Use the status system to send progress updates for long running scripts
Do not run RQ in production with the name 'localhost'

Config Files

At the top level, config/config.json provides primary configuration. A typical config:

config.json

{"env":"development","host":"127.0.0.1","port":"3333","addr":"0.0.0.0","tmpdir":"/tmp",
 "relative_root":"/therq",
 "basic_auth":{
  "realm":"Your RQ",
  "users":{
   "foo user":"bar pass"
} } }

Key	Description
env	Environment for RQ_ENV
host	Hostname used for canonical full message ID
port	Port for the web UI to listen on (required, but default is 3333)
addr	Addr for the web UI to listen on (0.0.0.0 for all interfaces)
tmpdir	Directory for temp files
allow_new_queue	Boolean, enable the new queue web UI, default `false`
relative_root	Path prefix for the web UI, default `/`
basic_auth	Hash for HTTP Basic authentication, has two required elements
basic_auth: realm	Realm for HTTP Basic
basic_auth: users	Hash of username:password pairs

Fields in bold are mandatory, all others are optional.

Queue Config Files

Within each queue directory, the files config.json and form.json provide configuration.

In order to create a queue, there is now a 'scandir' mechanism similar to daemontools services. Simply create a symbolic link the directory that contains the queue-script files in the /rq/scandir directory. RQ will notice the new directory and create a queue with the same name as the symlink. The name must be a valid queue name and the directory must have a 'run' file that is executable.

Before the newly created queue is enabled, the queue will create a config. If the queue-script directory also had a config.json, those settings will be overlayed over the default queue config.json settings. The queue's config.json will point to the actual path of the 'run' file. Finally, a symbolic link to the form.json is created in the queue directory as well.

If the symlink is removed, the queue is disabled and moved to a 'trash' directory. No files would be lost.

Sample configs:

config.json

{"name":"interval_do_work","script":"/usr/bin/interval_script.sh","num_workers":5}

form.json

{"default":"hidden","mesg_param1":{"label":"Frequency of run","help":"Tell the script its run interval"}}

Key	Description
name	Name of the queue
script	Path to the script to execute for each message
num_workers	Maximum number of messages to process at a time, default `1`
exec_prefix	This is prepended to the script path before calling `exec()`, default `bash -lc`
env_vars	Hash of environment variables and values set before calling `exec()`, default empty
coalesce_params	Array of param numbers. Coalesce messages if they have identical parameters, default []
blocking_params	Array of param numbers. Run one message with identical parameters at a time, default []
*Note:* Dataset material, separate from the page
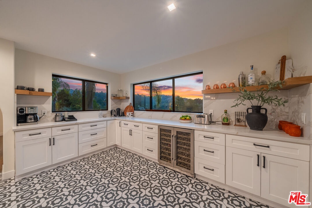 Welcome to your dream home in the prestigious Lake Hollywood Knolls. This exceptional residence has been recently renovated and offers breathtaking views from every room and an unparalleled location, just moments away from major freeways, shopping, dining, fitness centers, hiking trails, and entertainment hotspots, including Universal Studios. Step into the grand foyer and ascend to the stunning main level, where open-concept living awaits. The spacious family room, filled with natural light, flows seamlessly onto a private balcony perfect for soaking in those iconic California sunsets. Adjacent is the elegant dining area and a chef's gourmet kitchen, complete with a large island, high-end appliances, and plenty of space for entertaining. French doors open to the private backyard oasis, featuring a built-in BBQ, cozy fire pit, and lush landscaping that ensures privacy and shade. Upstairs, the expansive primary suite offers the ultimate in luxury, with its own fireplace, a secluded deck, and a spa-like ensuite with dual vanities, double closets, and a separate tub and shower. Two additional generously sized bedrooms and a guest bathroom with direct access to the backyard deck complete the upper level, ideal for hosting gatherings or simply enjoying serene outdoor living. Conveniently located near the bedrooms is a laundry area. The lower level presents a unique opportunity with a converted basement that serves as an in-law suite or potential ADU. Equipped with a private entrance, kitchenette, full bathroom, closet, and washer/dryer, it offers flexible space for guests, extended family, or income generation. With nearly 4,000 square feet of living space and a coveted location just steps from Universal Studios, this Hollywood Hills masterpiece is a rare find. Don't miss your chance to experience the perfect blend of luxury, privacy, and convenience.

Fields in bold are mandatory, all others are optional.

Scheduled jobs may be queued up to 1 minute in advance, with a due time set to match the scheduled time. Scheduled jobs will only be created if the queue is in UP state - a paused or downed queue will not schedule new jobs. Multiple schedules are supported and each can have different params.

Timer Config Files

RQ supports sending a message to a queue on a periodic basis. This is useful for polling other services or performing periodic cleanup. It is recommended that the interval is not less than 300 seconds.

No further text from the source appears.